Competition. The Windows and MAC OS markets are extremely competitive.
The Company currently competes with other developers of PC-to-TV conversion
products and with video-graphic integrated circuit developers. Many of the
Company's competitors have greater market recognition and greater financial,
technical, marketing and human resources than the Company. Although the Company
is not currently aware of any announcements by its competitors that would have a
material impact on the Company or its operations, there can be no assurance that
the Company will be able to compete successfully against existing companies or
new entrants to the marketplace.
Component Supply Problems. The Company purchases all of its parts from
outside suppliers and from time to time experiences delays in obtaining some
components or peripheral devices. The Company attempts to reduce the risk of
supply interruption by evaluating and obtaining alternative sources for various
components or peripheral devices. However, there can be no assurance that supply
shortages will not occur in the future which could significantly increase the
cost, or delay shipment of, the Company's products, which in turn could
adversely affect its results of operations.

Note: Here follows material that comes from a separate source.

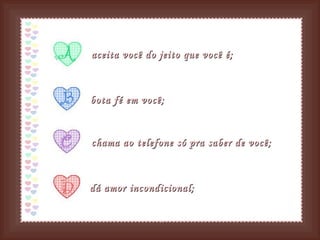 aceita você dojeito que você é; bota fé em você; chama ao telefone só pra saber de você; dá amor incondicional;

Protection of Proprietary Information. Although the Company has filed
three patents and is in the process of filing two additional patents in the
fourth quarter of 1997 with respect to its PC-to-TV video-graphics products, the
Company does not currently have any patents. The Company treats its technical
data as confidential and relies on internal nondisclosure safeguards, including
confidentiality agreements with employees, and on laws protecting trade secrets
to protect its proprietary information. There can be no assurance that these
measures will adequately protect the confidentiality of the Company's
proprietary information or that others will not independently develop products
or technology that are equivalent or superior to those of the Company. While it
may be necessary or desirable in the future to obtain licenses relating to one
or more of its products or relating to current or future technologies, there can
be no assurance that the Company will be able to do so on commercially
reasonable terms.
19
<PAGE>
PART II - OTHER INFORMATION
ITEM 1. LEGAL PROCEEDINGS
The Company is not party to any pending legal proceedings, other than
routine litigation that is incidental to the business, which would have a
material adverse effect on the Company's financial position or results of
operations for the nine month period ended September 30, 1997.

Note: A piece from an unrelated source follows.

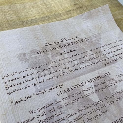 - شهادة الأصالة - تأتي لوحات ورق البردي الخاصة بنا مع شهادة الأصالة، حيث تم رسمها في مصر على أجود ورق البردي المصري الأصلي المصنوع يدويًا.
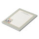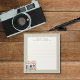 Capture your thoughts and creativity with this beautifully designed notepad, featuring a delicate watercolor illustration of a vintage camera surrounded by flowers with soft hues. This charming combination of art and functionality is perfect for photographers, artists, or anyone who loves to jot down notes in style. Each page offers plenty of room for ideas, to-do lists, notes, reminders etc. Compact and portable, it's the ideal companion for your desk, bag, or workspace. The text on the notepad is customizable and can be easily personalized to suit your needs.

ITEM 2. CHANGES IN SECURITIES
None
ITEM 3. DEFAULTS UPON SENIOR SECURITIES
In October 1994, the Company borrowed $2,500,000 from an unaffiliated
lender under a term note due February 1, 1996. The term note accrues interest at
the prime rate plus 2%, payable quarterly in arrears, and is collateralized by a
second security interest in all the assets of the Company. At September 30,
1997, the Company owed $1,500,000 to the lender under the term note. This note
was due on March 31, 1997 and was not paid. The Company is in the process of
renegotiating the terms and expiration date of this loan with the lender.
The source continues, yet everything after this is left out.